While other technology stocks took a big hit as investors exited risky growth-oriented assets, the world’s largest company by market cap showed resilience. Its stock has hardly budged during the past two weeks, even when the tech-heavy NASDAQ 100 Index plunged more than 6%.
This outperformance is also surprising given some evidence that the Cupertino, California-based company is struggling to meet demand as the global supply-chain bottlenecks hinder its ability to produce more hardware during the crucial holiday season.
While that issue lingers globally, Apple also warned its suppliers last week that demand for its flagship iPhones is slowing. Apple, which had already cut its iPhone 13 production goal for this year by as many as 10 million units from a target of 90 million, is now informing vendors that some of its orders may not materialize, according to a report first published by Bloomberg. Apple CEO Tim Cook expects revenue growth for the current quarter, but supply constraints will cost the company at least $6 billion in missed revenue.
This weakening demand environment coupled with the Omicron-related uncertainty has so far failed to bring the kind of correction for the stock for which many investors on the sidelines are waiting. One explanation for this unusual strength is that investors now see Apple as a safe haven asset with the ability to endure the economic shocks much better than some peer equities. The company has a rock-solid balance sheet and more than $200 billion in cash in banks.
Amid speculation about its future growth, the company continues to produce very powerful revenue gains across its many businesses. In the previous earnings season, Apple reported a whopping 36% surge in sales which crossed $81 billion for the three-month period.
Apple's core product, the iPhone, grew about 50%, confirming that this business segment is entering another super-growth cycle despite supply chain issues—fueled by the 5G-enabled iPhone models. AAPL's wearables, home and accessories segment also grew 36%. That category includes the Apple Watch, AirPods, Apple TV, the HomePod and various other accessories.
Apple Cars, Glasses And Headsets
Needham analyst Laura Martin told CNBC in a recent interview that investors are turning to Apple because it can endure any slowdown in the economy and take advantage of falling prices.
Apple, noted Martin, is positioned to introduce new products to power more growth. She added:
“The biggest criticism of Apple for the last five years is no new products. When you look at the product pipeline, lots of excitement there, especially in the press today about how they’re going to introduce augmented reality glasses at the next WWDC in June.”

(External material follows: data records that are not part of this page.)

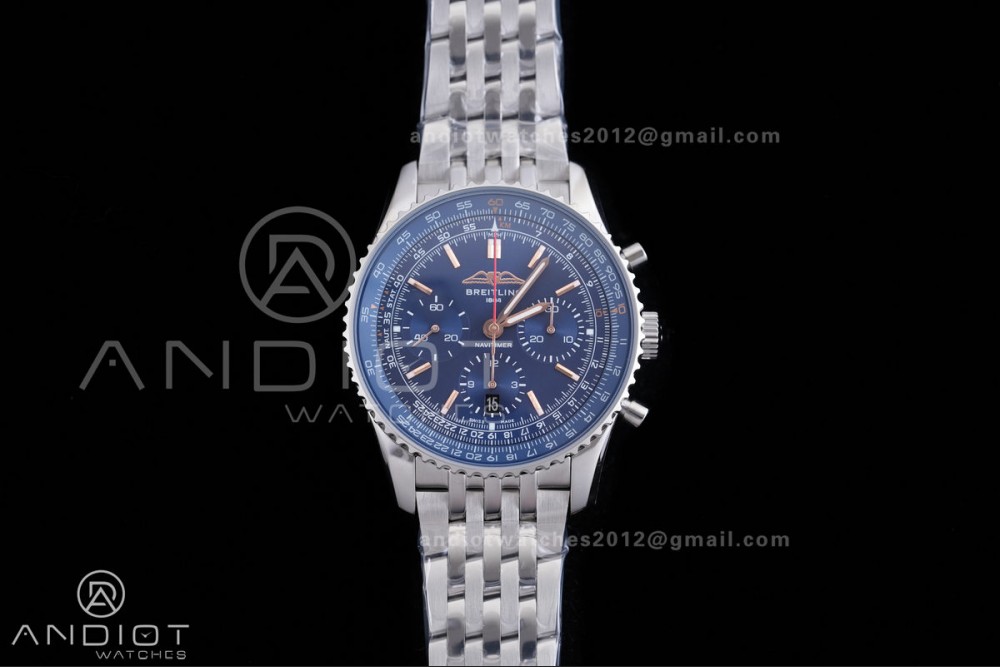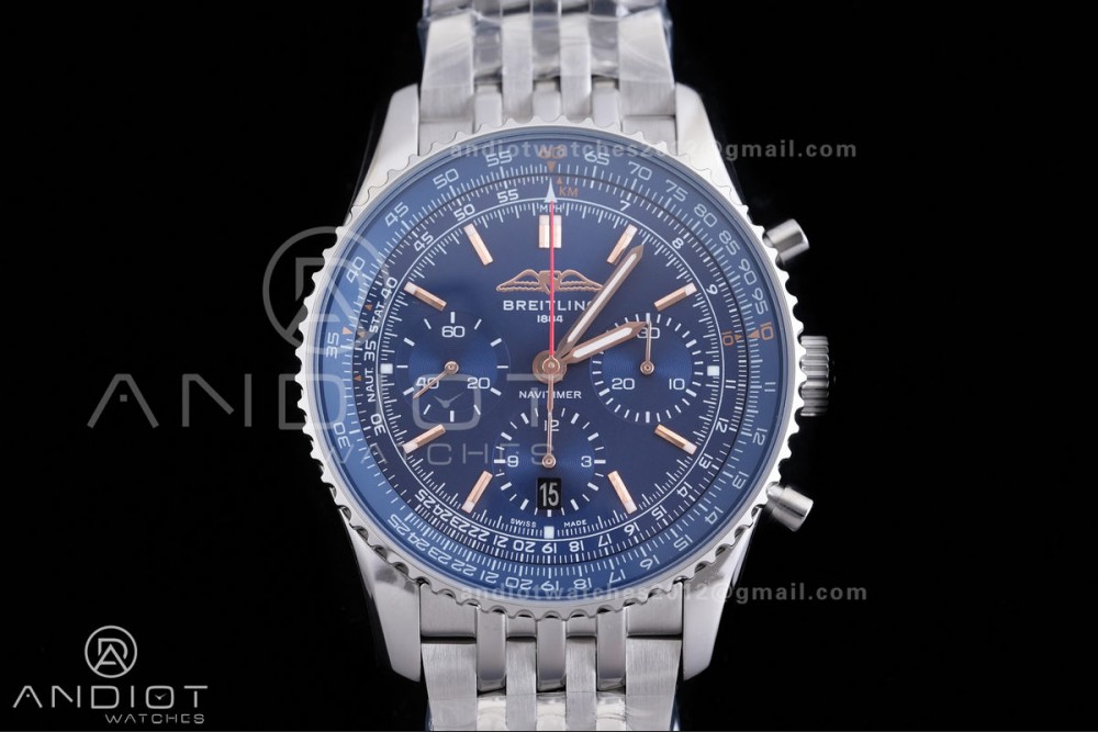 Navitimer B01 SS 43mm BLS 1:1 Best Edition Blue Dial RG Marker on SS Bracelet A7750
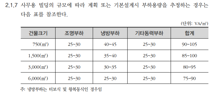 부하설비용량 추정시 전등/전열, 일반동력, 냉방동력으로 구분하자. 건축전기설비 설계규정(2016)의 부록에 의해
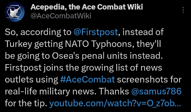 No Twitter / X, o perfil da Acepedia, uma wiki feita por fãs sobre a série postou sobre o ocorrido comenta ironizando o ocorrido, dizendo que “Em vez da Turquia receber os Typhoon da OTAN, eles irão receber da Unidade Penal de Osea. O Firstpost se junta a lista de sites de notícias a qual utiliza imagens do Ace Combat para notícias sobre aparelhos militares na vida real”.
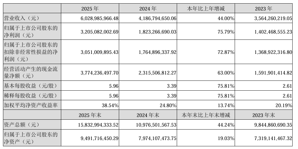 同日,同花顺(300033)发布公告称,2025年公司实现营业收入60.29亿元,同比增长44.00%;归属于上市公司股东的净利润32.05亿元,同比增长75.79%。
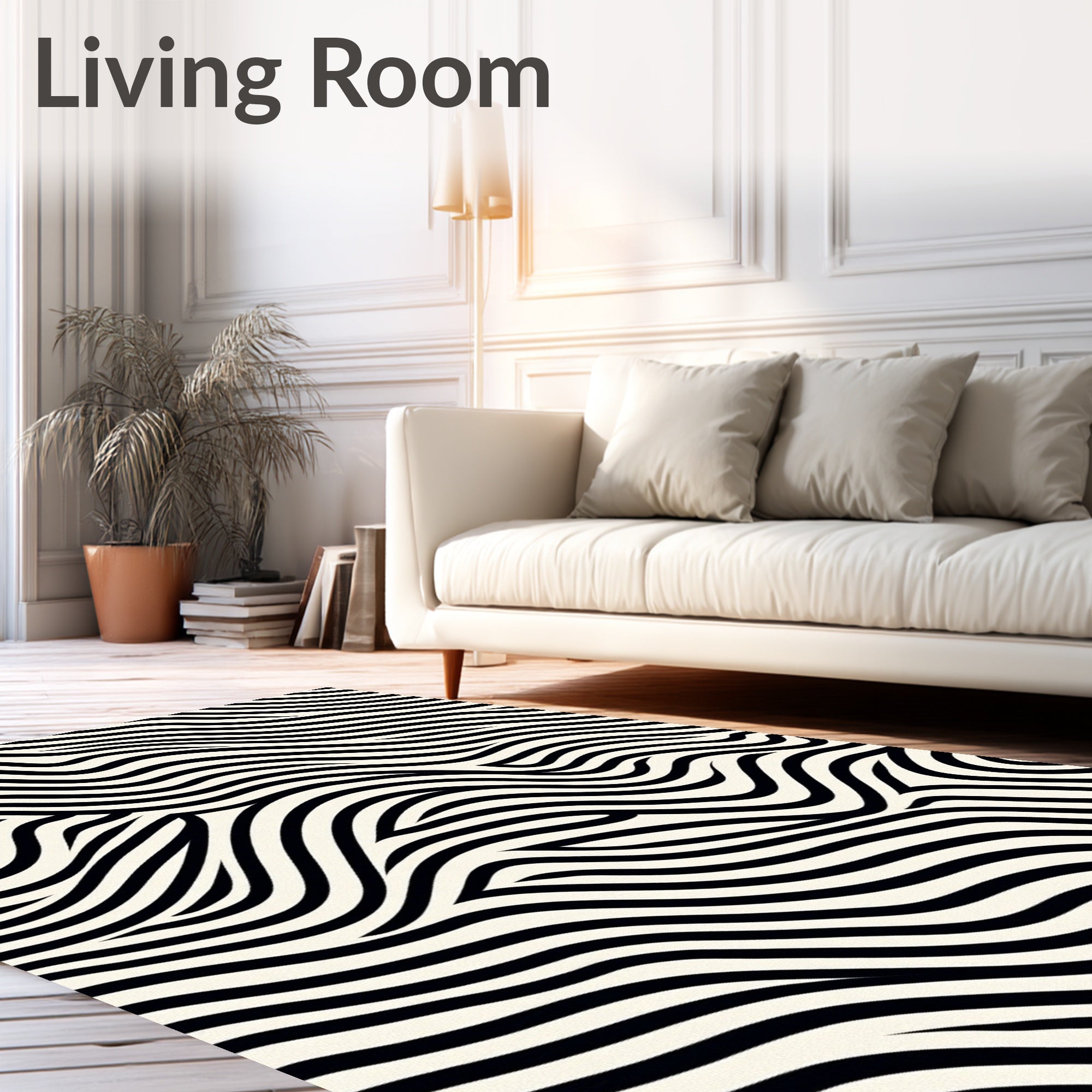 Ultra Soft Area Rug, Non Slip, Stain Resistant, Washable Area Rugs for Living Room, Bedroom, Abstract Zebra Stripe Waves with Flowing Curved Lines Contemporary Style(Black) Overview:

Apple’s potential entry into the autonomous vehicle space is another upside potential that investors are keeping an eye on. The company is pushing to accelerate development of its electric car, refocusing the project around full self-driving capabilities, according to a report from Bloomberg.
Morgan Stanley analyst Katy Huberty wrote in a recent note that this report lends credibility to the idea that Apple’s car launch could both accelerate adoption of new technology and expand the addressable market similar to past Apple product launches. She said:
“We can provide a number of examples from the last 20 years that show while Apple may not always be first to market, its innovation engine, differentiation via vertical integration, and manufacturing/operational excellence have allowed it to leapfrog first movers.”
Bottom Line
There may not be a chance for investors to buy shares of Apple more cheaply in the current market volatility as the stock continues to show resilience. But when and if a dip occurs, investors shouldn’t miss out on that buying opportunity.